The document of the May 15 hearing was released at the request of The Leader.

George was one of four people who pleaded guilty to manslaughter in the Feb. 28, 2008 death of Vasey, a foster child who was beaten and fatally stabbed during a drinking party at an abandoned Surrey house.

According to the parole board report, George became angry with Vasey because he was “jumping in front of cars,” but the report stopped short of saying that provoked the swarming attack.

Even after a four-month police investigation “there was no apparent motive for the offence,” the parole board document stated.

George, 17 at the time, confessed that he kicked Vasey in the head while the younger boy was begging for mercy.

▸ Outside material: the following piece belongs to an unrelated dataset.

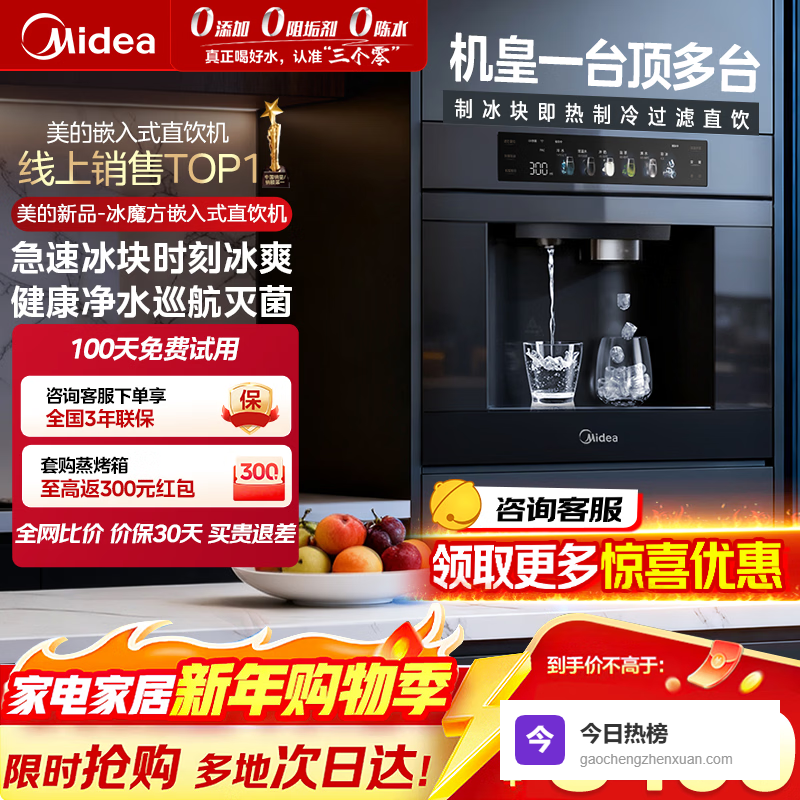 美的【新品冰魔方】配置卷王嵌入式直饮机净水器家用制冰块即热式制冷一体机RO反渗透净饮机¥

He also admitted stabbing Vasey in the stomach and hitting him with a brick.

Afterwards, George boasted that the participants in the attack on Vasey had “earned their tear,” which was said to be a prison or gang reference to killing someone.

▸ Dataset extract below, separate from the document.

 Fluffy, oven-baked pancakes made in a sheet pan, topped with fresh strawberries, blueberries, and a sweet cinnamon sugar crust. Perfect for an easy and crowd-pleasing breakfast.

A psychological assessment rated George’s intelligence as “average to borderline” and found that he likely suffers from “behavioural and personality disorders” resulting form an extremely dysfunctional childhood.

The day parole was granted to allow George to attend a residential aboriginal substance abuse treatment program on Vancouver Island.

Several conditions were imposed.

George must follow the treatment program and undergo psychological counselling, he must abstain from alcohol and drug use and must not have any contact with certain former friends.

Full parole was not recommended, the parole board said, because George will require a “gradual, assisted” return to the community.

Justin Vasey lived and went to school in Surrey when he suddenly spiralled into despair and began hanging out with a group of older teens who turned on him one night and killed him.

He was buried in Delta because that was where the B.C. Ministry of Children and Families happened to have an available plot.

After a follow-up story on the Vasey case by The Leader disclosed that Justin’s grave still only had a temporary metal marker two years after he died, dozens of donors –  including police officers and support staff – raised money for a proper headstone.

The three others who pleaded guilty to the fatal swarming attack, Jade Pollard, Danielle Wood-Sinclair and George’s half-brother Cody Pelletier, are also expected to apply for parole.

All four were sentenced as adults after pleading guilty to manslaughter.